The corporate oligarchy and super-rich kleptocrats behind the political parties and the presidency have engaged in an orgy of self-aggrandizement, knowing that the petro-industrial train was headed for a brick wall. America’s transition from self-sufficiency to dependence on oil imports is the most significant reason behind the “30-year economic devastation of Reaganomics.” It is not a big secret, except for our deliberately ignorant fellow citizens.

Yet Hartmann seems maddeningly oblivious to even the most obvious implications of Peak Oil. There isn’t even an index entry for it. Even if it were desirable, which it is not, we are not going to “recover the industrial base that we have lost.” An American Dream of outrageous energy consumption per person is no longer possible under any circumstances, despite Hartmann’s 11 Steps (12 being taken).

If there was an ounce of honesty in the political arena, which there isn’t, they would tell us to dig in, plant Victory Gardens, relocate as many facets of production (craft, farmhouse, and manufacturing) as possible, and virtualize everything. the rest. Hartmann does not convey this message either.

But it is not that his ideas are, per se, bad. Hartmann is a serial entrepreneur and progressive author and radio host. He has created businesses, he has put people to work, he has created value where there was none. He would like to see an America like the one that grew up after World War II, made in America by Americans for Americans. He wants to reverse “the ‘free trade/flat earth’ idiocy” of the last 40 years. What Hartmann does not say is that globalization is already a dinosaur. The 7,000-mile WalMart pipeline and the 3,000-mile salad are artifacts of an era that is fast passing.

It is worth taking the steps that Hartmann suggests. But even if they are implemented, there is no snowballing chance in Hades of his success in restoring the American Dream. I suspect Hartmann agrees.
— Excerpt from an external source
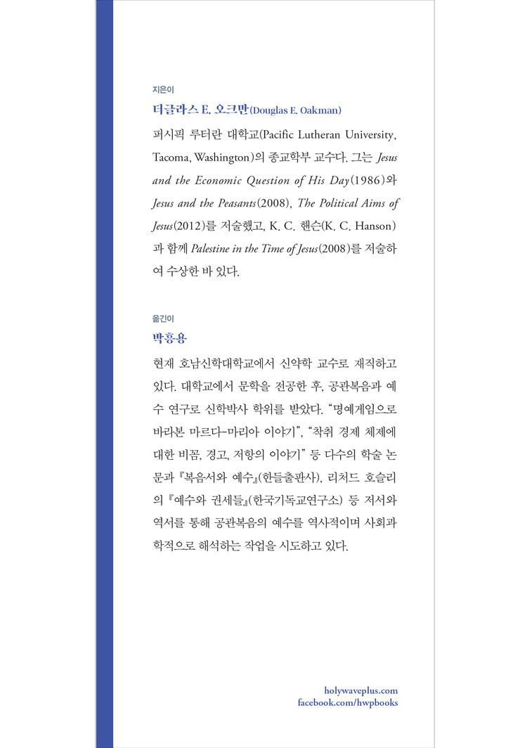 신실한 개인적 확신을 가지고 기록한 이 책은 통찰력 넘치고 그래서 수많은 유익을 가져다주는 오크만의 정치적이며 사회경제적인 분석을 통해 가난한 자들에 대한 우선적인 관심이 역사적 예수가 보인 특별한 특징임을 확인해준다.

The nation needs to be saved from corporate oligarchs…absolutely. We need to educate ourselves and reward initiative and get basic healthcare for all and abolish corporate personhood (see Hartmann’s excellent book, unequal protection). But we can’t count on the federal government for any of that. For better or worse, that bloated and nosy bureaucracy of the Washington welfare state is another artifact of the positive side of Hubbert’s Peak, where we could always do more of everything because we had the energetic capacity to do so.

No more. We have to do it ourselves.

Do you want to take jobs home? Stop buying anything made outside of the United States. Period. Shop locally; do it yourself, or do without it. If you must have an item that is only made abroad, buy a used one so the money stays here. Stop exporting your dollars.

Do you want a healthier society? Stop eating junk and do some physical work. The vast majority of medical problems are related to diet and lifestyle, and the very companies that make you sick benefit from treating the disease.

Want to level the playing field with corporations? Work to amend the Constitution, as Hartmann suggests, and nullify at the state level all unconstitutional acts of the federal government…there is now a fertile field.

Fortunately, we still have the US Constitution, written during and for a time of small, self-sufficient communities and individuals deeply suspicious of selfish power, whether in the form of the state or the corporation. The Constitution empowers us to take back control of our lives and remain a nation, strong where it counts.

Hartmann wants to do good things, but they won’t take us anywhere near where he thinks they will; and he wants to do them on a scale that is more part of the problem than part of the solution; And I don’t think he trusts the language and vision of the Constitution, or the power of an awakened citizenry, to see us through the dark forest we’re headed for. Too.